Жизнь, что луна: то полная, то на ущербе.
Пословица 18 лет назад
Антонина сидела и ждала, когда женщины закончат секретничать на кухне. Она понимала, что сейчас ей скажет мать, в чем обвинит, и совсем будет плохо, если она все расскажет отцу. Как так получилось, что Прасковья Петровна застала их в постели? О чем она говорила с Никитой? Было обидно, что он никак не попытался защитить Тоню. Получается, что это она «соблазнила мальчика», а он тут не при делах.
— Мерзкая ситуация, — сказала она себе вслух. — Хуже некуда, сейчас мать начнет меня стыдить.
Дверь хлопнула и Тоня поняла, что соседка ушла.
— Как же так, доча? — Мать стояла на пороге ее комнаты.
— Как-то так.
— Ты его любишь?
— Люблю!
— Паша не хочет, чтобы вы встречались.
— Меня интересует не твоя Паша, а Никита.
— Паша считает, что ему надо, во-первых, закончить школу, а во-вторых, поступить в институт.
— Наши планы здесь совпадают. Мне тоже нужно закончить школу и поступить в медицинский. А потом мы поженимся.
— Если ты не завяжешь с любовью, с медицинским можно попрощаться.
— Скажи, как можно с любовью завязать, мам? Как?
— Я думаю, что встречи вам надо прекратить. Меня Паша просила с тобой поговорить.
— Мама, ты что так перед ней заискиваешь? Она всего лишь парикмахерша, человек, который стрижет волосы. У нее нет образования, как у вас с папой. Почему ты ее не выставила за дверь? Чего ты боишься?
— У тебя приступ юношеского максимализма, Тоня. С чего ты решила, что я заискиваю? Я уважаю ее профессию, связи, возможности. А у меня таких возможностей нет. Да и почему я должна ее выгонять, я, наоборот, чувствую себя виноватой. Это она застала мою дочь у себя в квартире за неприличным занятием.

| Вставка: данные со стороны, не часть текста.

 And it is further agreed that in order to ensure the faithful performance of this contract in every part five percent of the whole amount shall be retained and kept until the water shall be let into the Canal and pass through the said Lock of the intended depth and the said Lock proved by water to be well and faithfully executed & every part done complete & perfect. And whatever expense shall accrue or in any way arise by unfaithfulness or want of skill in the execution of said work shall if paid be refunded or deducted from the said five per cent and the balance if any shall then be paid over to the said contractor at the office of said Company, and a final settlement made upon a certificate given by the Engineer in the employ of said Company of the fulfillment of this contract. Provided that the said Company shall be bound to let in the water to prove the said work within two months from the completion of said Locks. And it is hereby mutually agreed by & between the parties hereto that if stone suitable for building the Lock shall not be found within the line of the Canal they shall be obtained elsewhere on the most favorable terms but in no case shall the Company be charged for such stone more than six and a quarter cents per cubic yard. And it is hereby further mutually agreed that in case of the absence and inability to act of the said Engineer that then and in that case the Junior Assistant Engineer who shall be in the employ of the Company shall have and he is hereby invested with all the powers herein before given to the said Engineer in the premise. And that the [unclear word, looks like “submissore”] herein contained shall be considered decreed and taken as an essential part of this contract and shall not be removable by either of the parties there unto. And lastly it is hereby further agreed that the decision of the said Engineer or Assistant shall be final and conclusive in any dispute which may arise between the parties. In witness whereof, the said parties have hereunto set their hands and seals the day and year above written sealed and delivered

— Значит, любовь — это неприлично?
— Ложиться с мальчиком в постель, когда у тебя еще нет аттестата, неприлично, — непререкаемым тоном произнесла мать. — Мне было неловко, стыдно.

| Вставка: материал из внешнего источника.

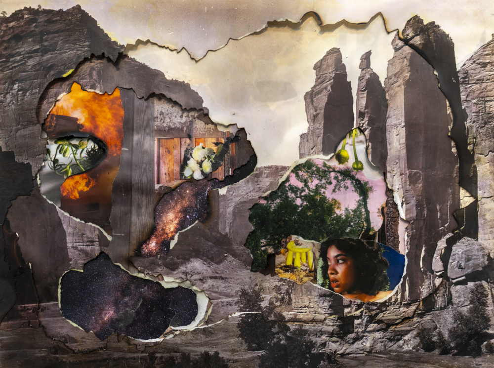 ©Naomi White, Time Enters Landscape, 2024 Fotografías originales y encontradas, impresiones con pigmentos de archivo, pegamento de archivo, fuego y cenizas 44×61”
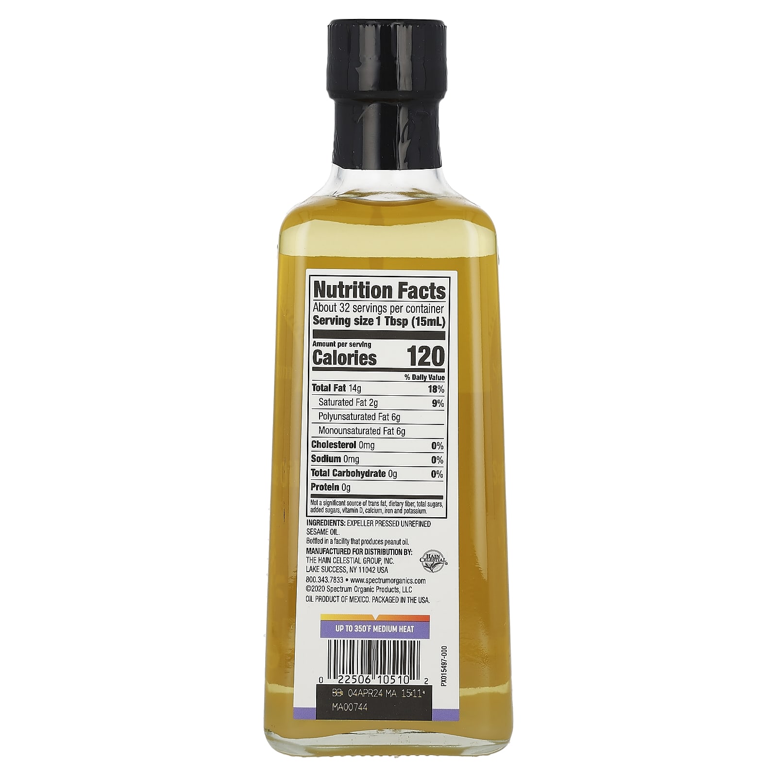Spectrum Culinary Óleo de Gergelim Não Refinado 473 ml (16 fl oz) – Spectrum Culinary Alimentos Óleos e vinagres Óleo de Gergelim.

— А ей не стыдно сюда приходить?
— Она мать, и она переживает за своего ребенка, за своего сына. И основания переживать у нее есть.
— Мама, ты можешь отчитаться перед своей Пашей, что провела разъяснительную беседу со мной. Только у меня к тебе большая просьба — не говори ничего отцу.
Через два дня Антонина встретила в подъезде Никиту.
— Ты куда исчез? Я звоню, мать твоя к телефону подходит, я тогда трубку кладу.
— Да понял я, что это ты звонила. Я тут, — Никита опустил глаза, — к отцовой тетке в Москву уезжаю. Отправляют меня родители. Мать говорит, что надо поступать в приличный вуз, да и в столице возможностей больше.
— Ты уезжаешь? Как? — она растерялась. Он не может уехать, а как же она, Тоня?!
— Родители меня отправляют.
— А ты, что ли, посылка? Отправляют!
— Не злись, Тонька. Я ведь никуда не исчезаю с земли. Ну подумаешь, до окончания школы поживу в другом городе. Потом ты ко мне приедешь. Мы же с тобой уже обо всем договорились.
— Это правда?
— Зачем мне трепаться? С матерью просто ругаться не хочу. Я пока от нее завишу.
— То есть как зависишь?
— Так же, как ты, — материально. Поэтому давай не ссориться с тобой, а договариваться. Письма еще никто не отменял. Буду тебе писать, и чтобы тут не смела без меня гулять ни с кем.
— Дурак! Да мне никто не нужен!
Вечером следующего дня Тонина мать как бы случайно обронила:
— Никита уехал в Москву с отцом. Будет там доучиваться, может, и правильно, Москва есть Москва.
— Я знаю, я закончу школу и тоже уеду к нему в Москву.
— Ну, поживем — увидим.
Через неделю Антонина обнаружила, что у нее образовалось море свободного времени и что по многим предметам ей нужно подтянуться. Учеба давалась ей легко, без напряжения, требовалось только учить предмет. Каждый день по нескольку раз она проверяла почтовый ящик и наконец увидела заветный белый конверт.